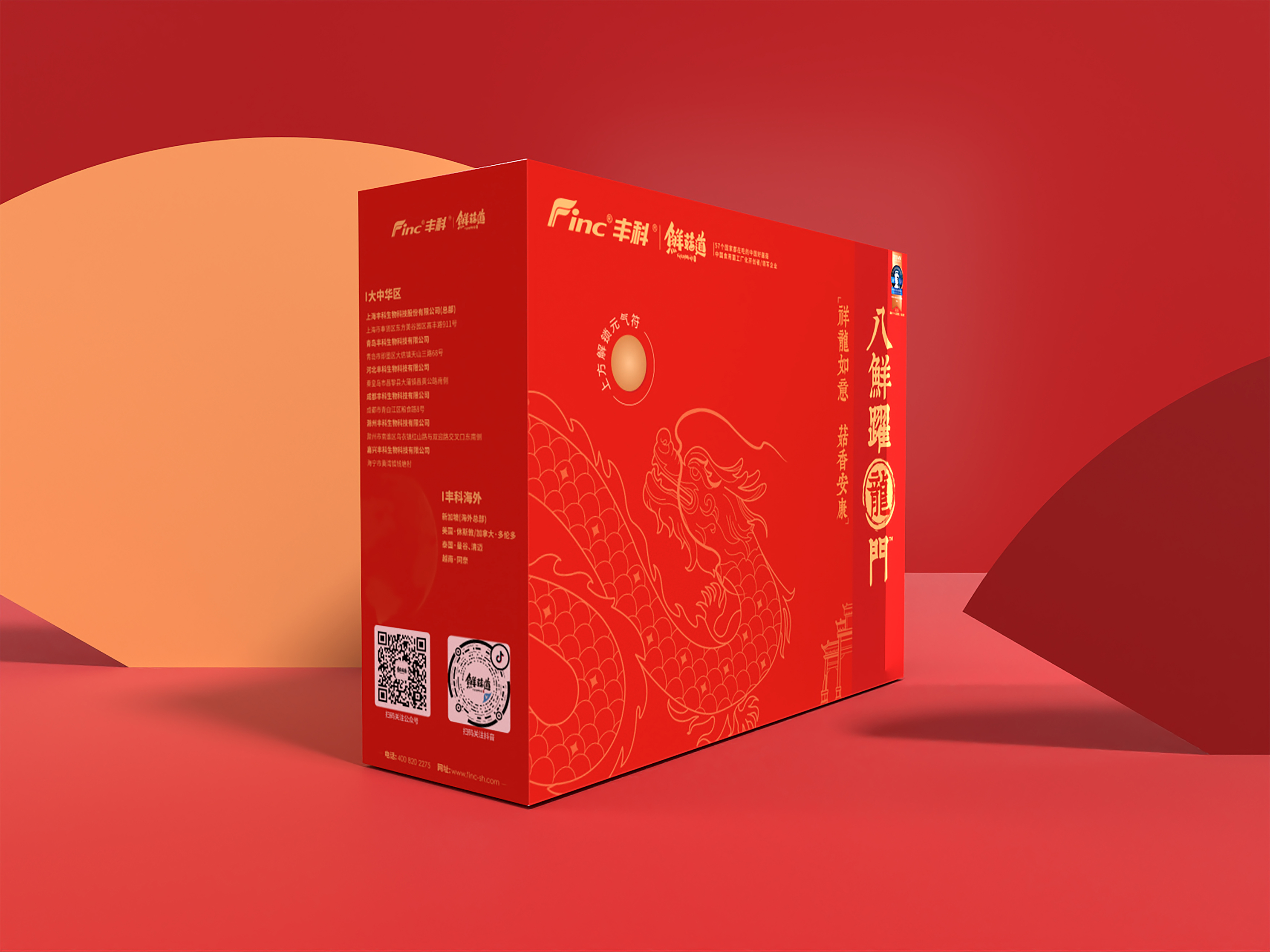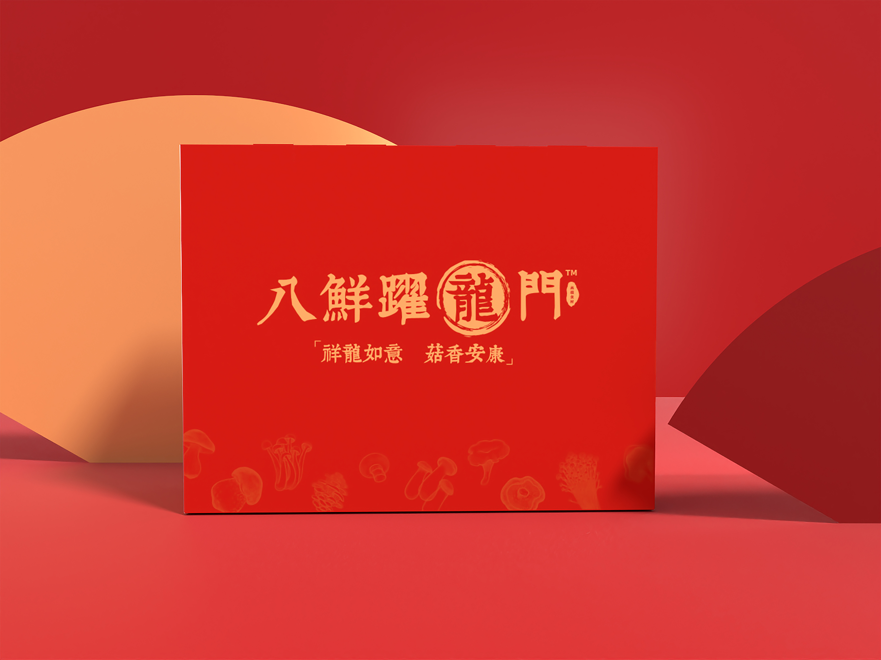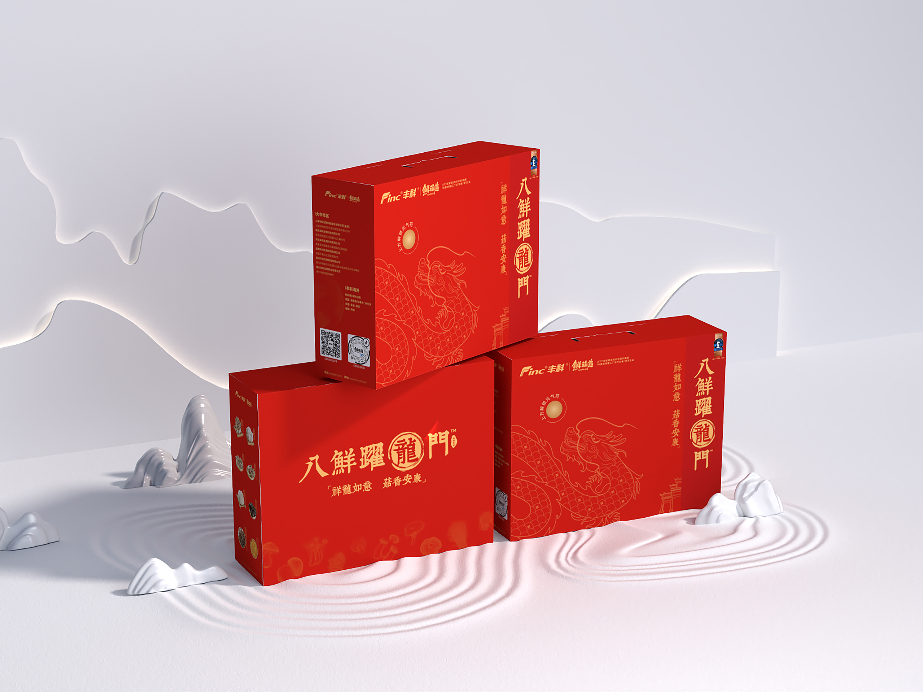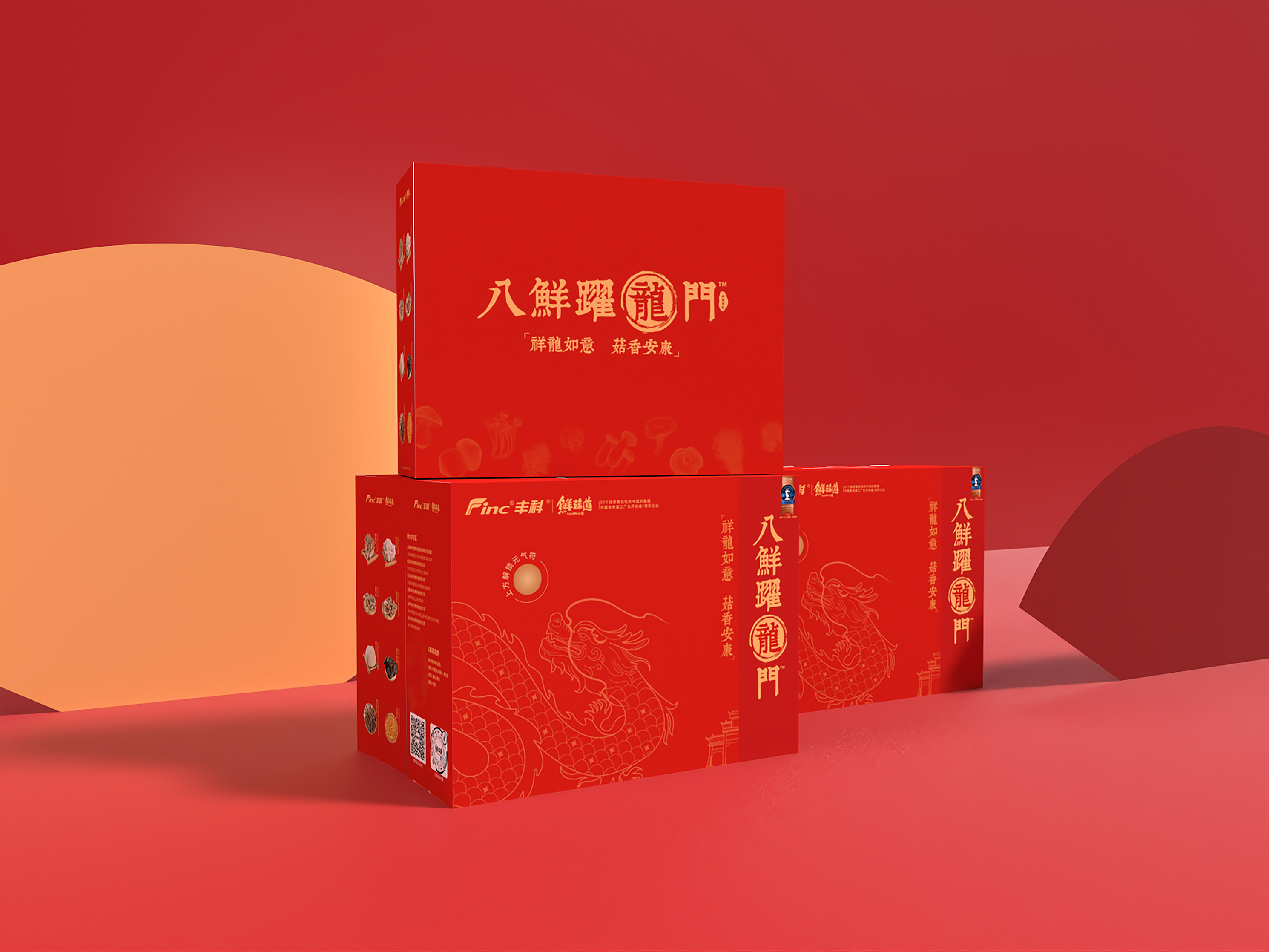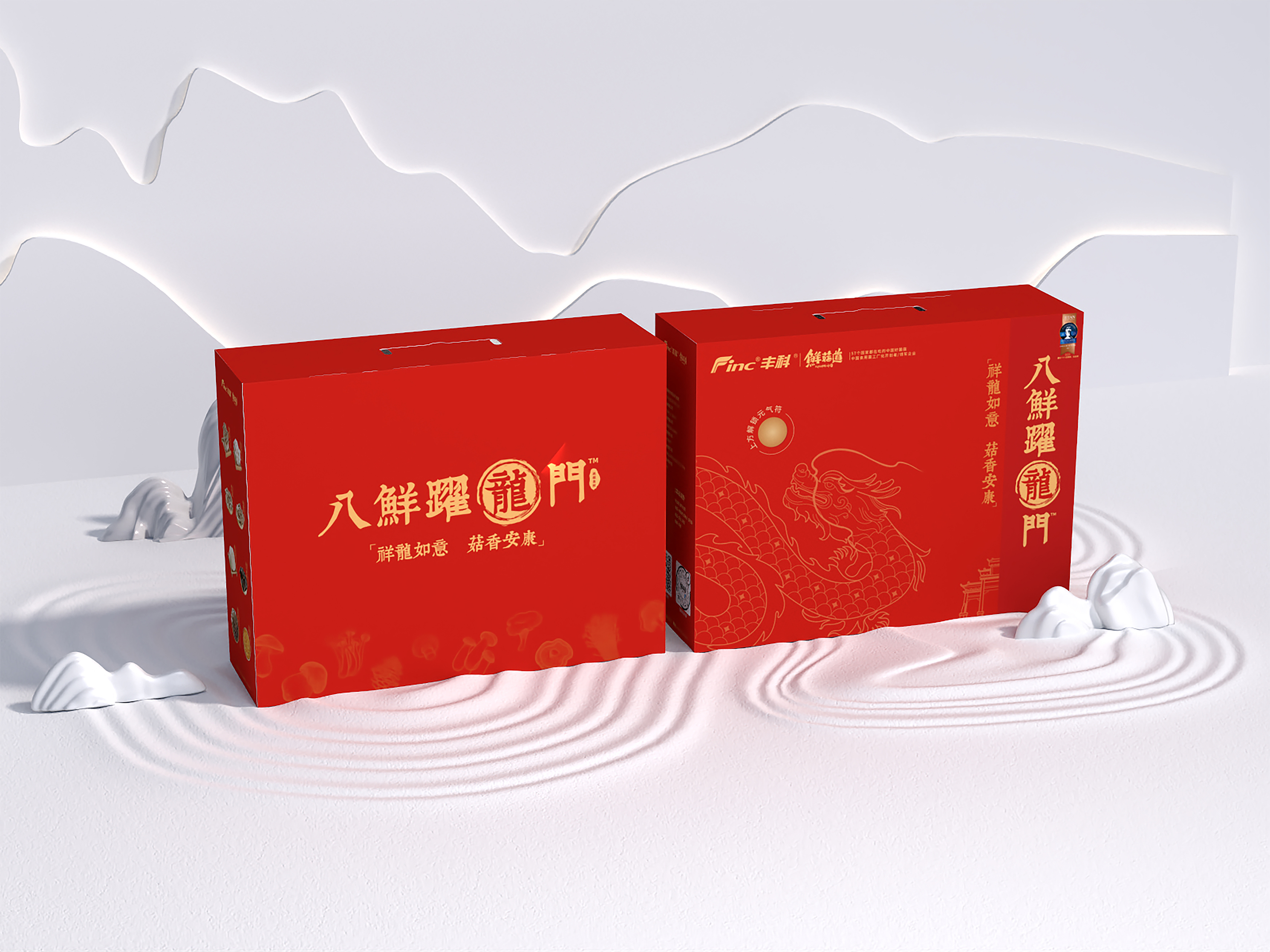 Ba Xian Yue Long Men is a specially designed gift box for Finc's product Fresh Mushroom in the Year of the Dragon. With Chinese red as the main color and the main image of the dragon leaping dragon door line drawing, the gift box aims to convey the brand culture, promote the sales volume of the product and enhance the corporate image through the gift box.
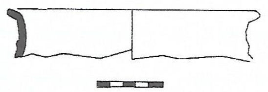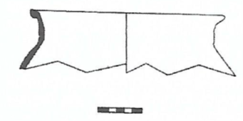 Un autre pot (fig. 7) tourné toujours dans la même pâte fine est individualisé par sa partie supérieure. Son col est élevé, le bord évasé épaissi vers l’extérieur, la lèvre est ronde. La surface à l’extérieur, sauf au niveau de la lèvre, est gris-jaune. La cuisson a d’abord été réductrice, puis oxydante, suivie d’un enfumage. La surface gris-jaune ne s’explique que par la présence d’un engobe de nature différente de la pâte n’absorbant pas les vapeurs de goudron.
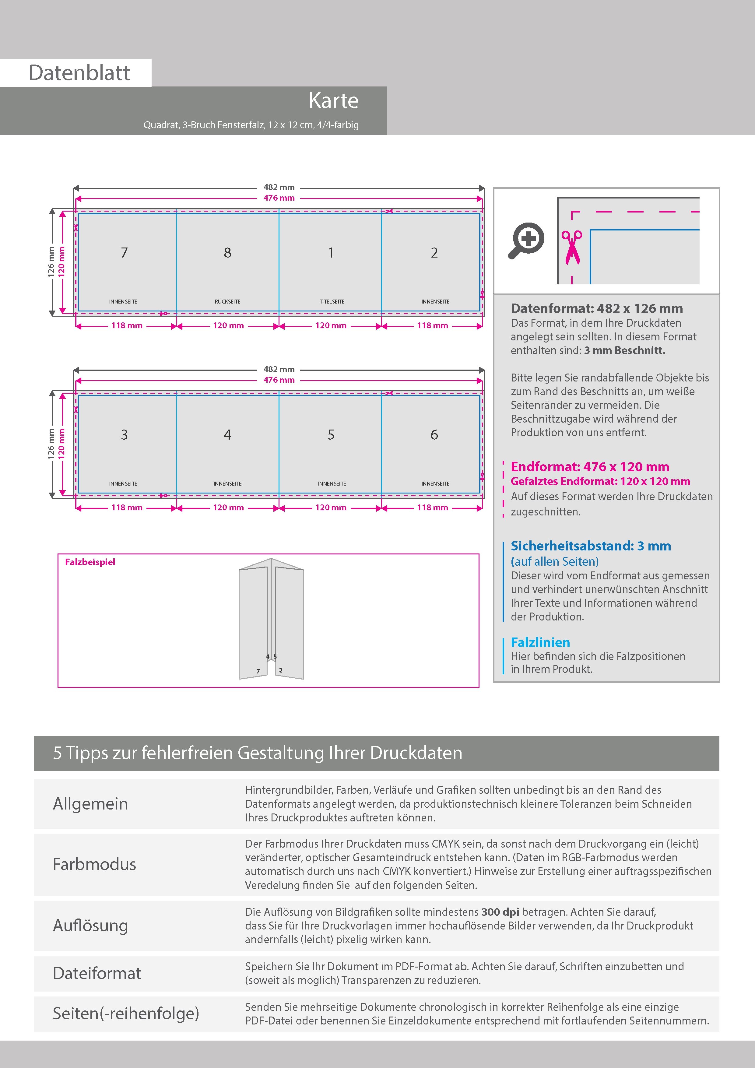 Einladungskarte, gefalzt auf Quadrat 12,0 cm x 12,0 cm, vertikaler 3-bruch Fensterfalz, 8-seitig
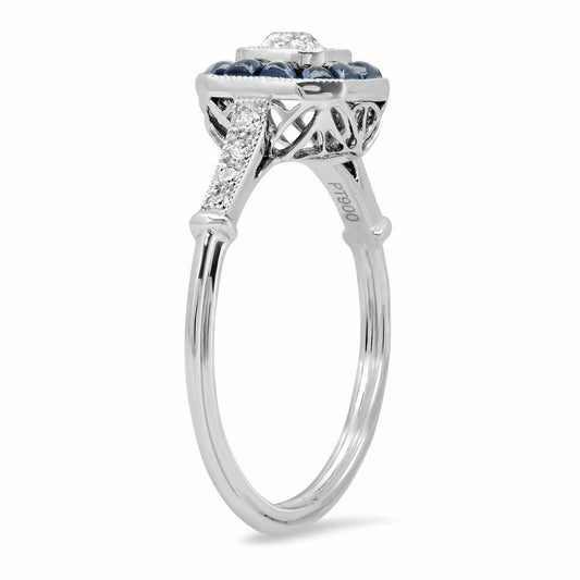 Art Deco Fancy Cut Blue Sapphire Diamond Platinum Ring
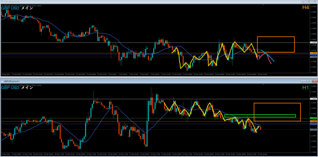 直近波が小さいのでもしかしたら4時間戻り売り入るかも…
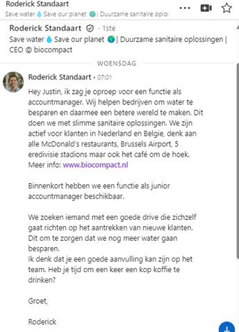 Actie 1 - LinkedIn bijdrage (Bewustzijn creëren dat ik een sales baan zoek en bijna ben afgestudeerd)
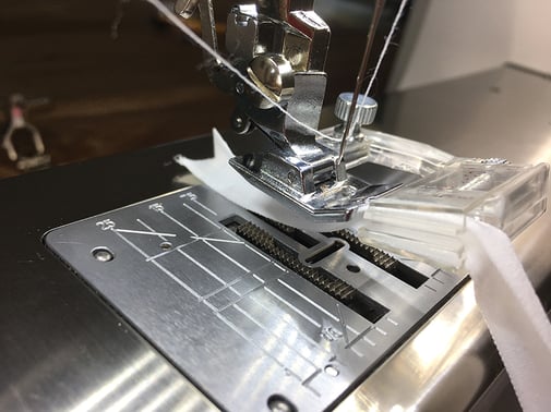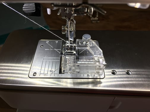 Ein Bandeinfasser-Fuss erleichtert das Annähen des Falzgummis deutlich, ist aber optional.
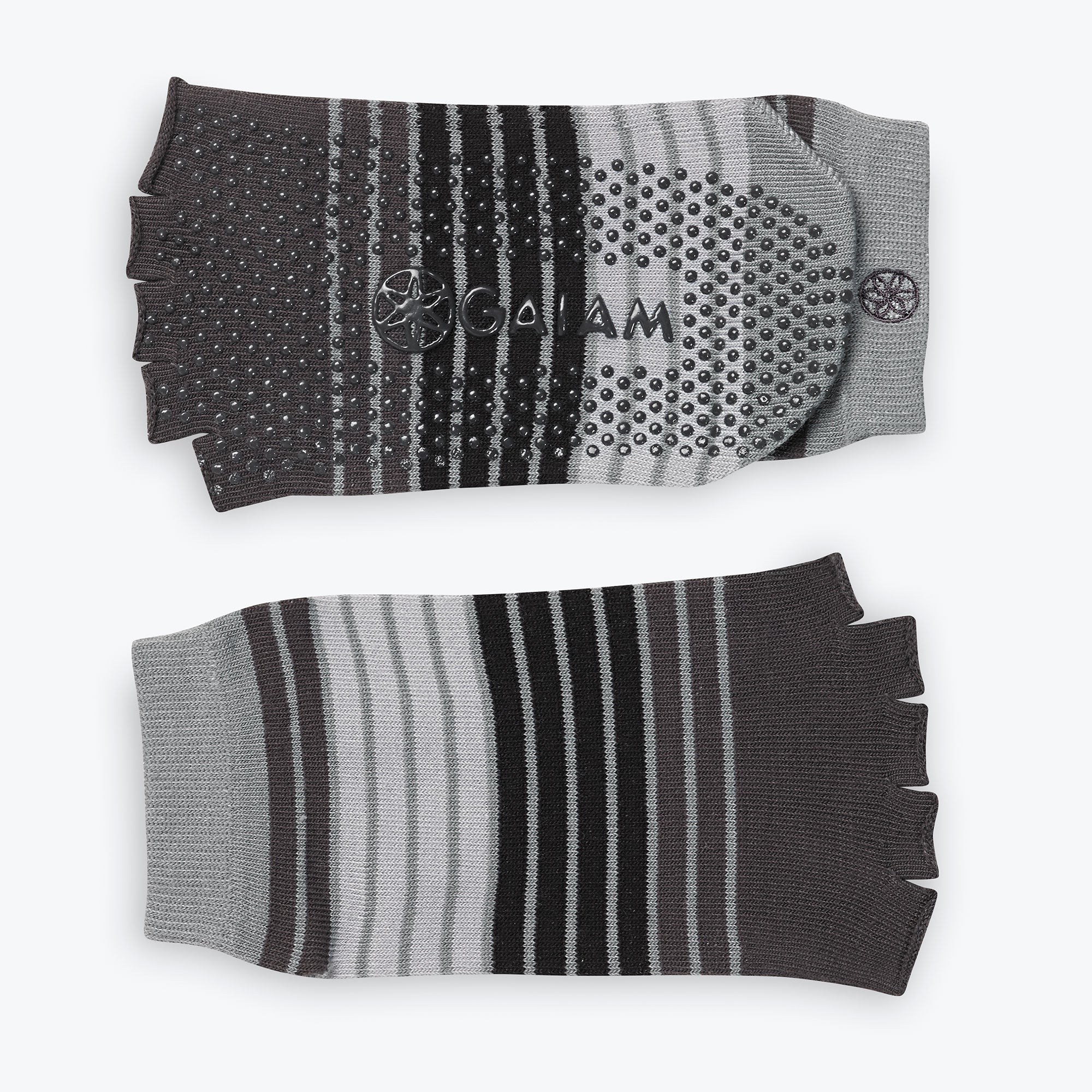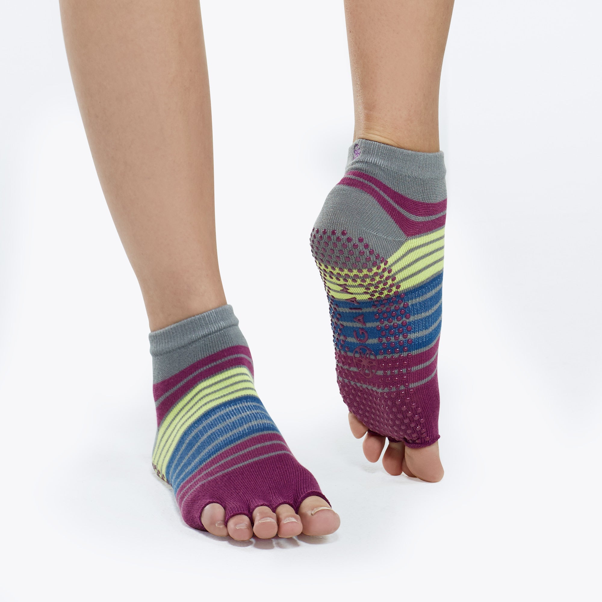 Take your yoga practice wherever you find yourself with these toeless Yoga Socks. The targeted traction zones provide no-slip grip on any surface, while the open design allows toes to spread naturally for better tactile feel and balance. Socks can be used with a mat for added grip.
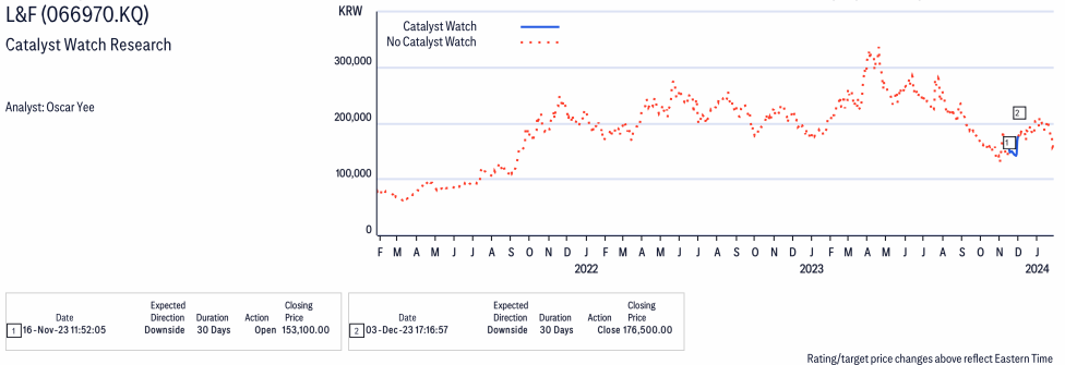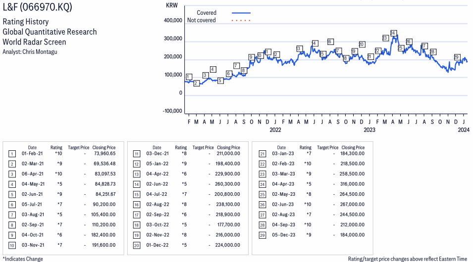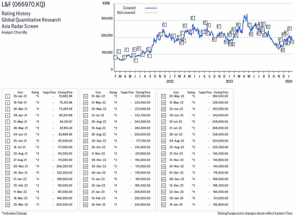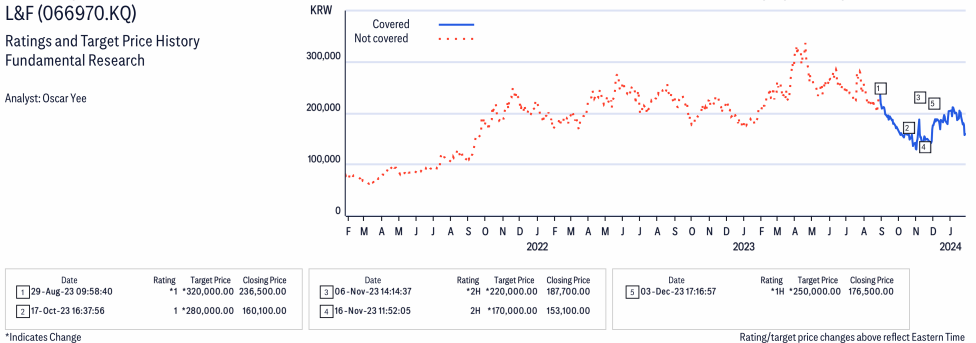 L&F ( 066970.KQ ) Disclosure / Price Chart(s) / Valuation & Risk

::::::::

Work request
What you return must match the material above exactly, apart from its pictures.

Output of the exercise
 Ba Xian Yue Long Men is a specially designed gift box for Finc's product Fresh Mushroom in the Year of the Dragon. With Chinese red as the main color and the main image of the dragon leaping dragon door line drawing, the gift box aims to convey the brand culture, promote the sales volume of the product and enhance the corporate image through the gift box.
 Un autre pot (fig. 7) tourné toujours dans la même pâte fine est individualisé par sa partie supérieure. Son col est élevé, le bord évasé épaissi vers l’extérieur, la lèvre est ronde. La surface à l’extérieur, sauf au niveau de la lèvre, est gris-jaune. La cuisson a d’abord été réductrice, puis oxydante, suivie d’un enfumage. La surface gris-jaune ne s’explique que par la présence d’un engobe de nature différente de la pâte n’absorbant pas les vapeurs de goudron.
 Einladungskarte, gefalzt auf Quadrat 12,0 cm x 12,0 cm, vertikaler 3-bruch Fensterfalz, 8-seitig
 Art Deco Fancy Cut Blue Sapphire Diamond Platinum Ring
 直近波が小さいのでもしかしたら4時間戻り売り入るかも…
 Actie 1 - LinkedIn bijdrage (Bewustzijn creëren dat ik een sales baan zoek en bijna ben afgestudeerd)
 Ein Bandeinfasser-Fuss erleichtert das Annähen des Falzgummis deutlich, ist aber optional.
 Take your yoga practice wherever you find yourself with these toeless Yoga Socks. The targeted traction zones provide no-slip grip on any surface, while the open design allows toes to spread naturally for better tactile feel and balance. Socks can be used with a mat for added grip.
 L&F ( 066970.KQ ) Disclosure / Price Chart(s) / Valuation & Risk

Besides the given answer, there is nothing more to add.